• Data shown
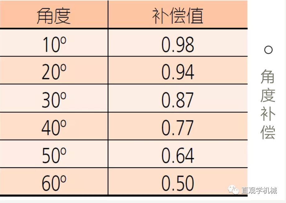 θ=10° 时,0.002mm*0.98=0.00196mm;
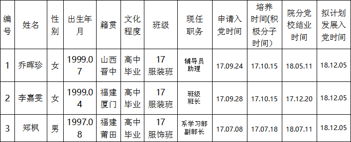 关于拟批准乔晖珍等三位同志为党的发展对象的公示书
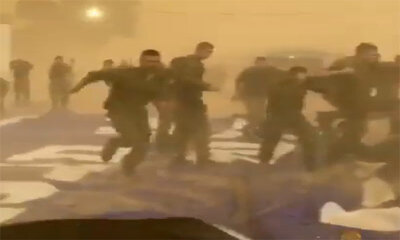 Lors d’une tempête de sable, des militaire se font attaquer par une cabane de chantier. Sur cette vidéo, on peut voir un soldat filmer la tempête et se faire surprendre par cette maison de chantier qui lui fonce droit de...

• What is expected
Pictures aside, reproduce all of the material above without alteration.

• Solution to the problem
 θ=10° 时,0.002mm*0.98=0.00196mm;
 关于拟批准乔晖珍等三位同志为党的发展对象的公示书
 Lors d’une tempête de sable, des militaire se font attaquer par une cabane de chantier. Sur cette vidéo, on peut voir un soldat filmer la tempête et se faire surprendre par cette maison de chantier qui lui fonce droit de...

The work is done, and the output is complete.